In this work, a numerical 3D simulation of a longitudinal ventilation system (LVS) is developed to analyze the fire behaviour inside a road tunnel. The numerical modelling reproduces the Memorial Tunnel, a two-lane, 853 m long road tunnel, used for experimental purposes. On this tunnel, 98 full-scale fire ventilation tests with different ventilation systems were conducted, constituting the first significant experimental approach to analyze fire incidents inside road tunnels. A total number of 24 reversible jets fans were installed in groups of three, nearly equally spaced over the length of the tunnel, and cantilevered from the ceiling of the tunnel. The validation of a numerical model is developed in the present paper.
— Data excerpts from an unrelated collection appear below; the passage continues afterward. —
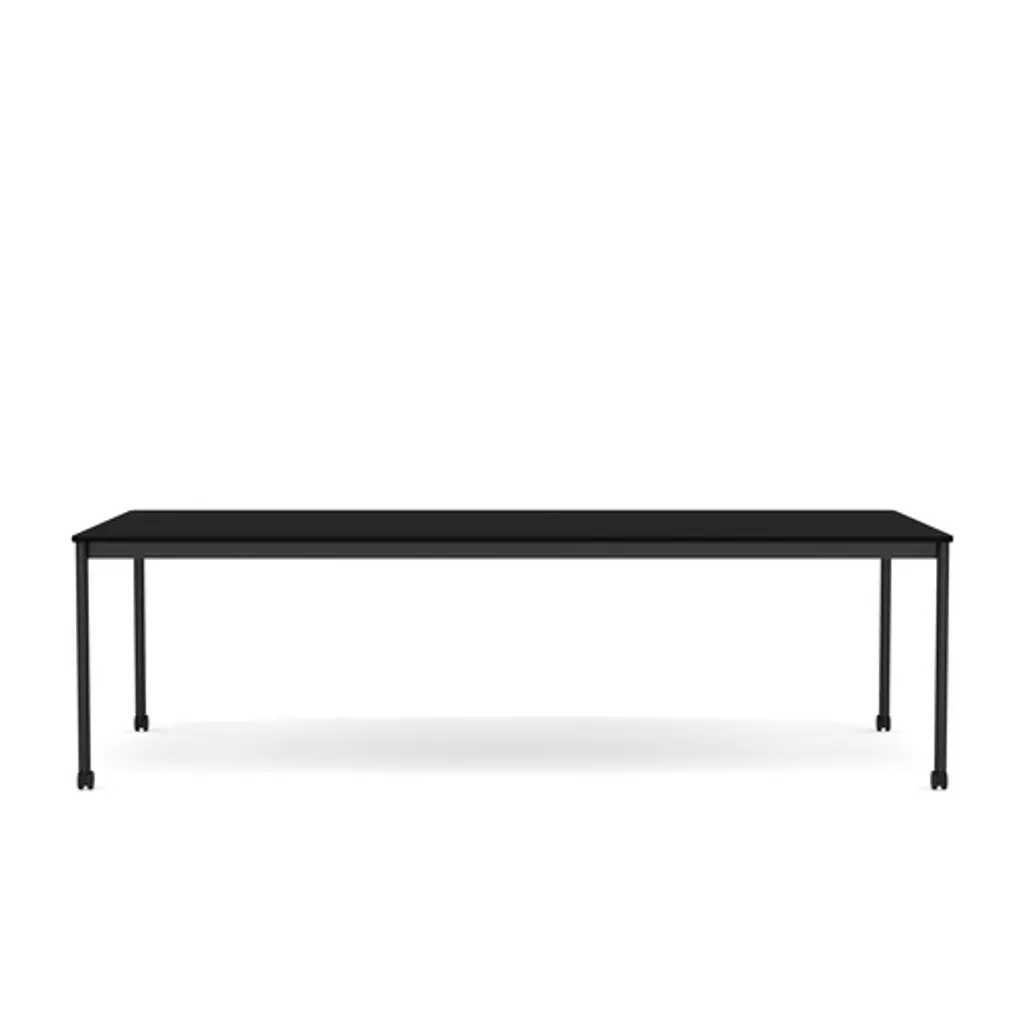 Simple and elegant lines, joined by the functionality of castors. Frame is made from extruded aluminum, painted with an acrylic paint initially developed for outdoor interiors and building facades. Organize and manage cords and wires with our Cable Management. Our Power Outlet can be added to the Base Table. Made-to-order: Laminate with ABS or plywood edge in black or white. Linoleum with plywood edge in black. Nanolaminate finish in either black or white. Bases available in Black or White with matching castors.
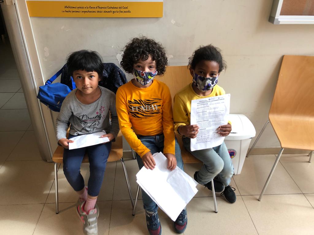 Tres infants amb els informes de la revisió d'"Et mirem als ulls"
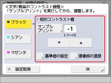 でそれぞれの色に最適な印字サンプルの値を相対コントラスト値として設定|
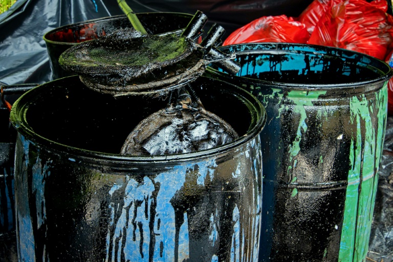 Les ouvriers passent d'une rive à l'autre en bateau transportant des sacs de sable souillés de brut, qu'ils empilent ça et là en attendant de les évacuer. Ironie de la nature, des papillons tournent autour de ces déchets.
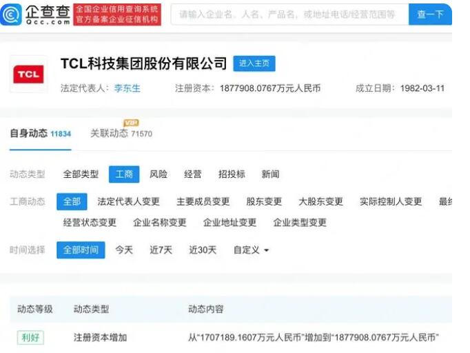 - TCL科技注冊資本增加至187億
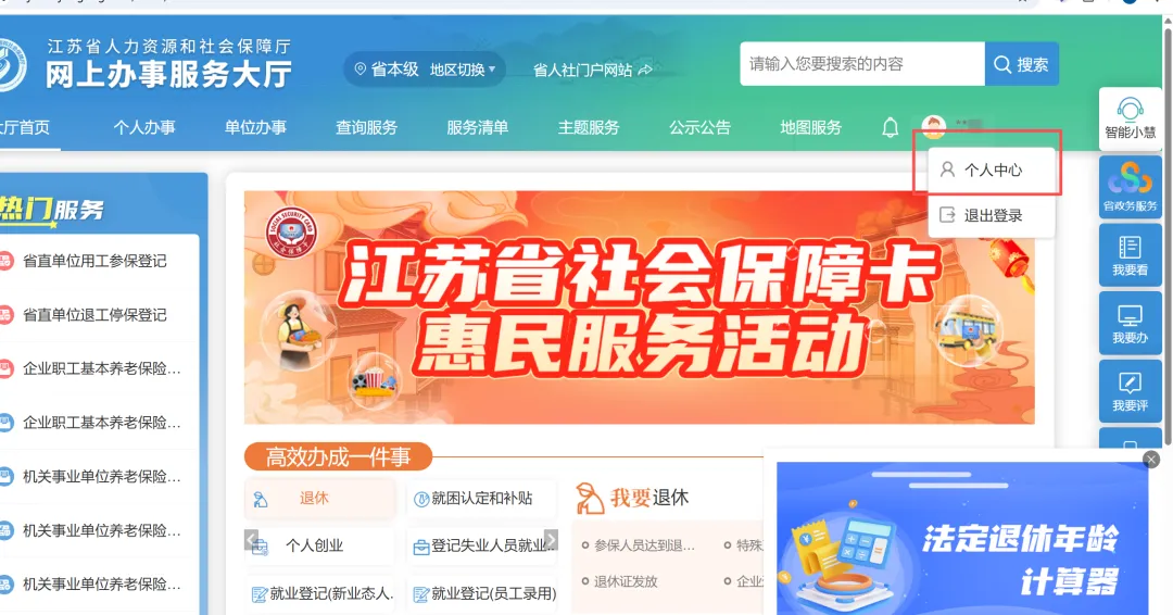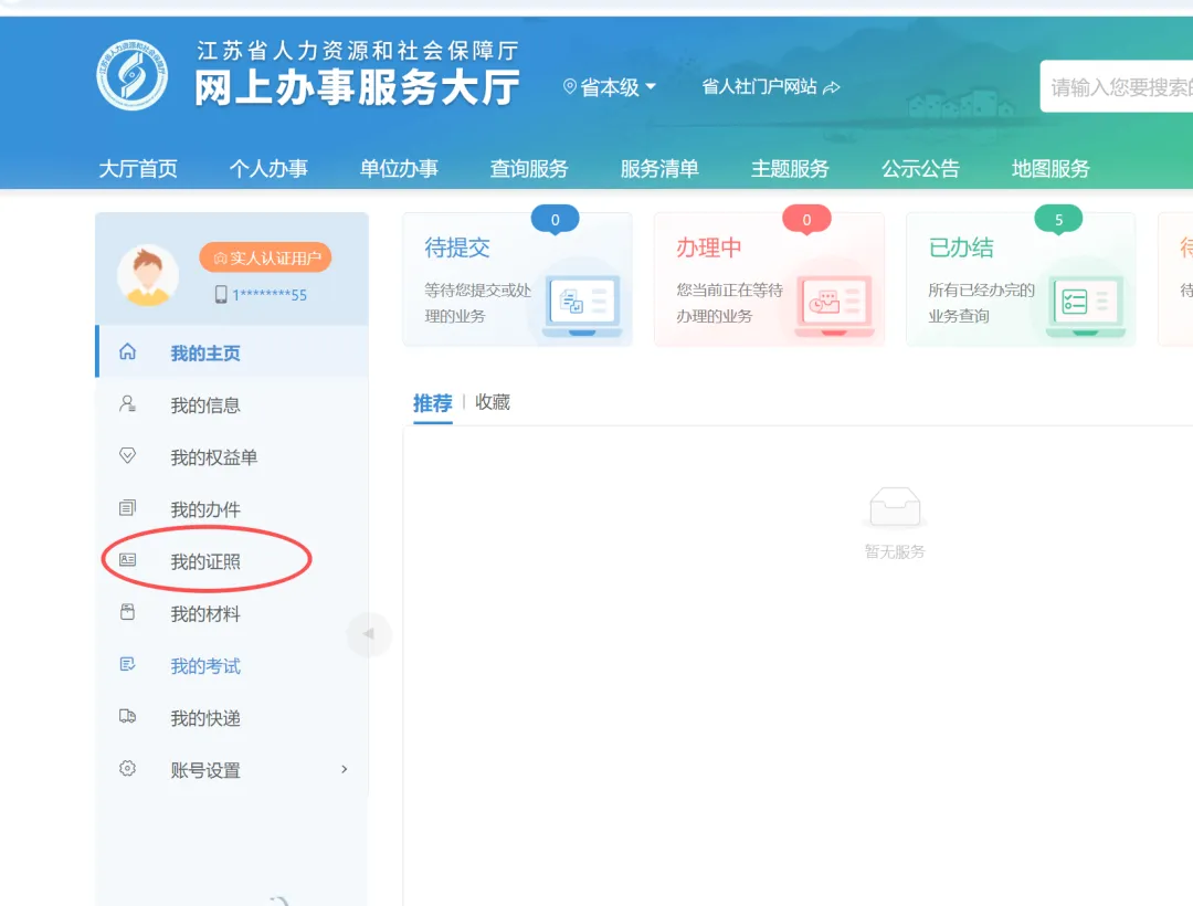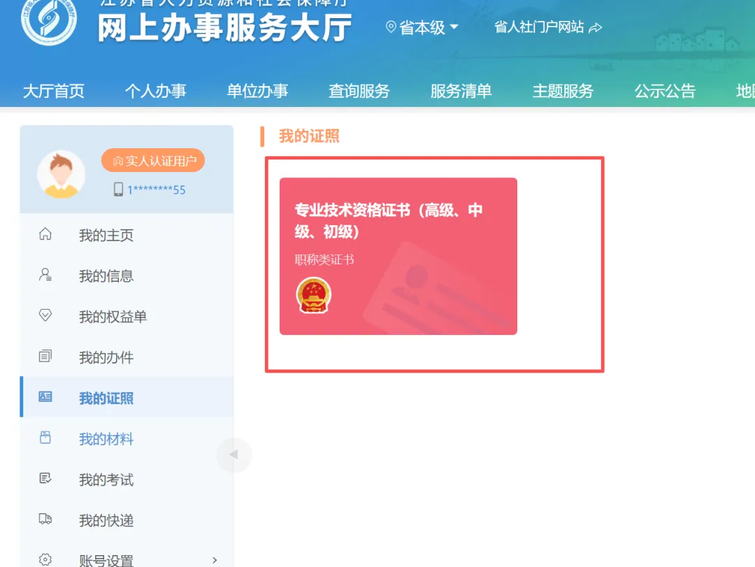 三、 登录‘江苏省人力资源和社会保障厅官网---网上办事服务大厅‘https://rs.jshrss.jiangsu.gov.cn/index/,也可以从江苏省人力资源和社会保障厅官网进入;具体步骤为登录后,点名字,然后点个人中心,然后点我的证照,然后主要啊,可能看不到正高职称证书
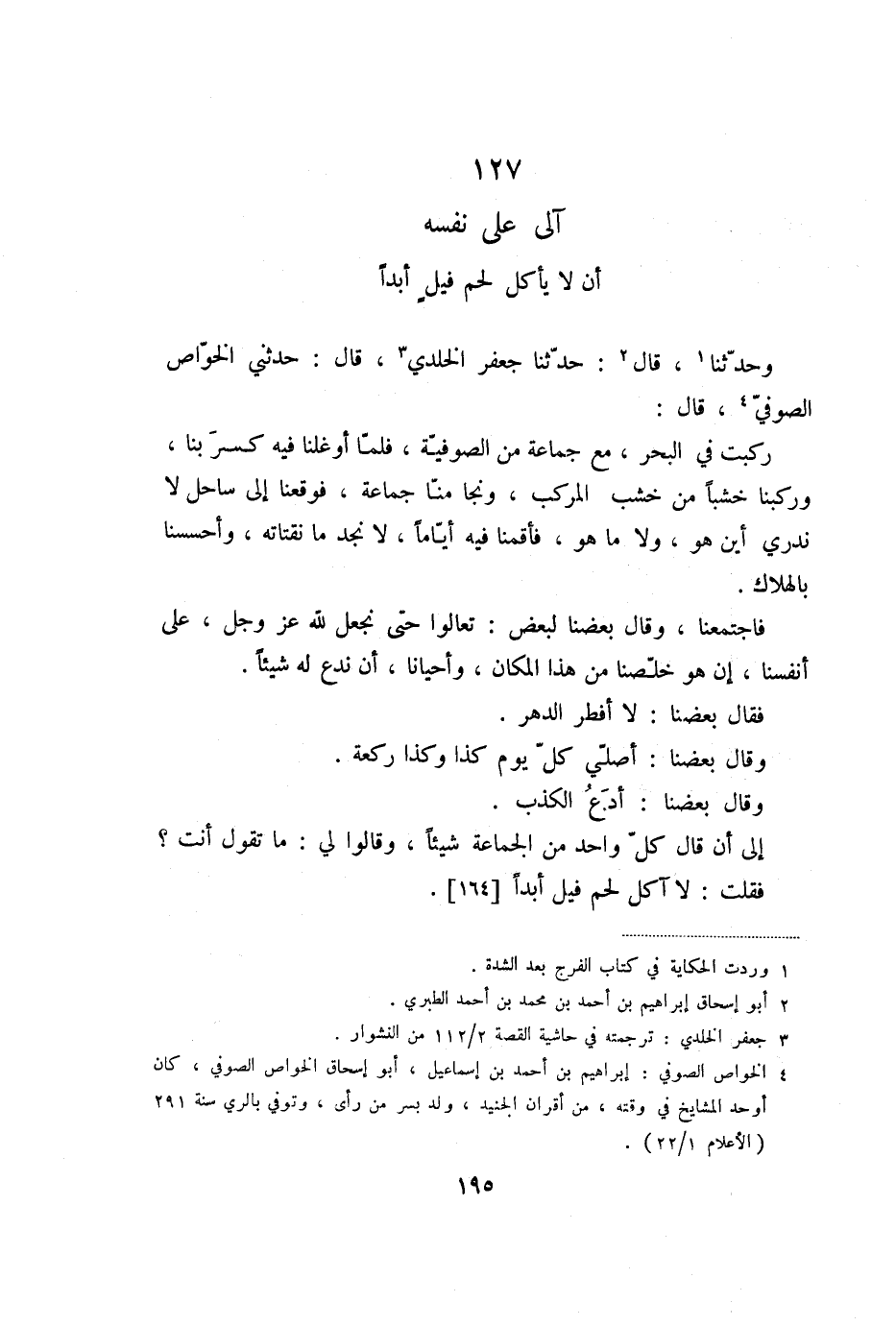 وحدّثنا «1» ، قال «2» : حدّثنا جعفر الخلدي «3» ، قال: حدثني الخوّاص الصوفيّ «4» ، قال:
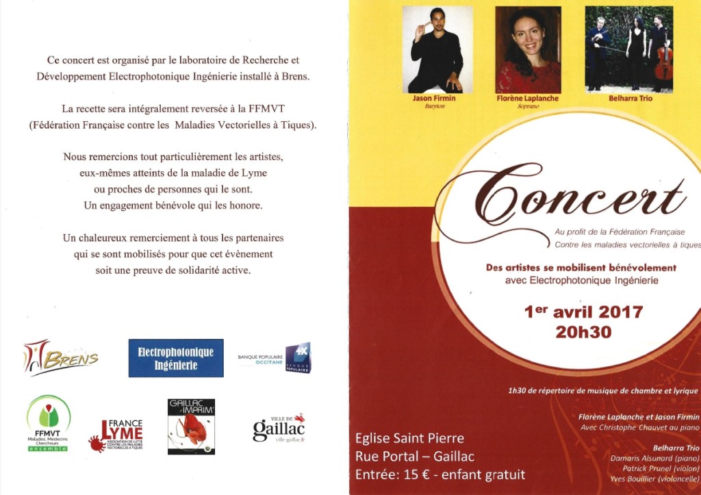 1er avril 2017 – Concert au profit de la Fédération Française contre les Maladies Vectorielles à Tiques (FFMVT).
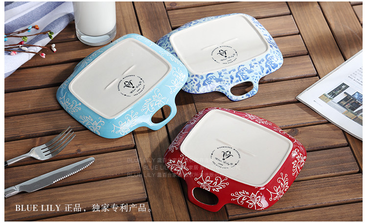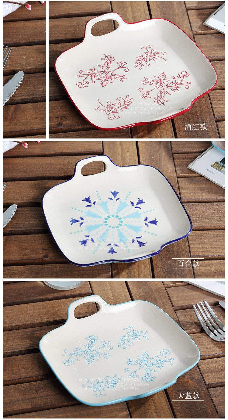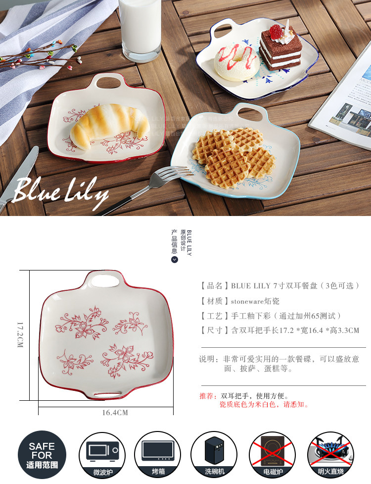 陶瓷餐具手工釉下彩 小清新陶瓷盘子 冷菜盘调味碟 7英寸双耳餐盘
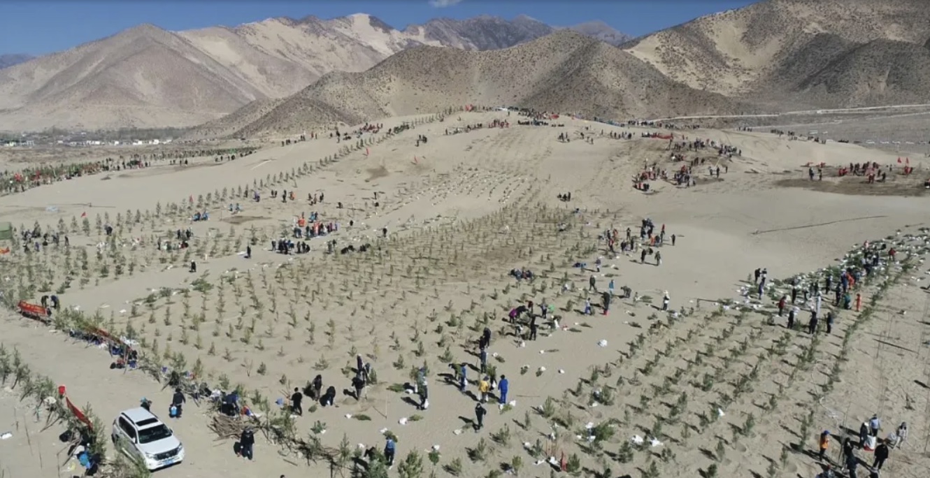 彼時的雅江中游河畔是一片土地沙化嚴(yán)重、風(fēng)沙肆虐的荒蕪之地。據(jù)原山南地區(qū)林業(yè)局局長李純祿回憶:離江較近的農(nóng)田風(fēng)蝕嚴(yán)重,有的地塊一年要重播兩三次。附近草場沙化嚴(yán)重。有時沙塵暴卷起的揚(yáng)沙達(dá)數(shù)十米甚至數(shù)百米之高,遮天蔽日,天昏地暗。
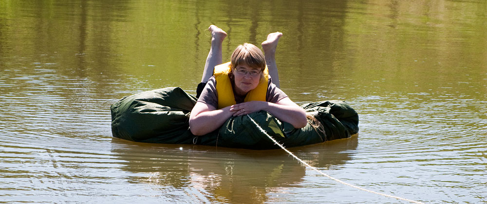 Meidän ryhmältä ylitys sujui lähes kommelluksitta. Lautta kesti koko ryhmän ylityksen eikä kukaan kaatunut lautalla. Vettä rinkkoihin oli päässyt jonkin verran, joten tositilanteessa olisi hyvin tärkeää, että rinkat on pakattu ehdottoman vesitiiviisti. Lautan tuplakangas osoittautui hyväksi, koska päällimmäiseen kerrokseen tuli repeämä sen osuessa laiturissa olevaan naulaan. Itse asiassa tavallisin ongelma rinkkalautassa, mihin olen törmännyt, liittyykin juuri tavallisten teltta- ja laavukankaiden kestävyyteen. Harkitsemisen arvoinen juttu voisi olla tehdä jostain kestävämmästä kankaasta sopivan kokoinen pressu purjerenkaineen. Se tuskin olisi mahdottoman painava ja retkellä sitä voisi käyttää myös muissakin käyttötarkoituksissa.
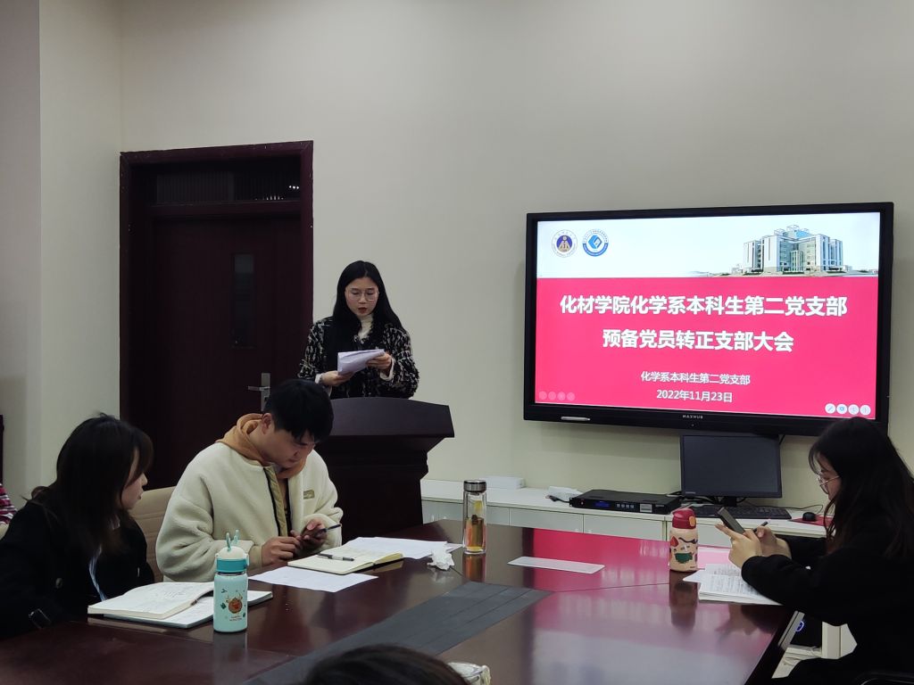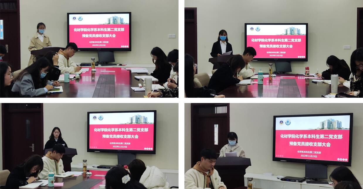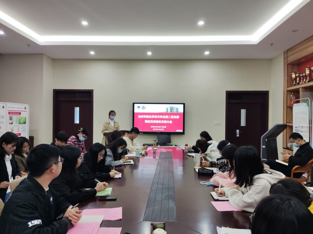化学系本科生第二党支部在礼勤楼201会议室召开发展党员大会,讨论支部委员调整,接收林曦等7名同志为中共预备党员,讨论周昱晨同志按期转正相关事宜。会议由党支部书记陶勇同志主持,
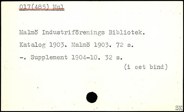 Malmo Industriforenings Bibliotek. Katalog 1903. Malmo 1903.

For that purpose, the behaviour of the smoke generated during a fire incident inside a road tunnel is predicted and compared with previous experimental data collected in the Memorial Tunnel Project. The smoke evolution and the performance of the LVS is simulated with a commercial code, FLUENT, which allows 3D unsteady simulations of the Navier-Stokes equations for multispecies mixtures of gases. A sufficient mesh density was introduced for the spatial discretization in order to obtain accurate results in a reasonable CPU time. Hence, typical ratios between total number of cells and the overall tunnel length were employed in the modelling. As a result, good agreement was achieved in all the tested cases, defining an accurate methodology to predict the performance of a LVS in case of fire inside a tunnel.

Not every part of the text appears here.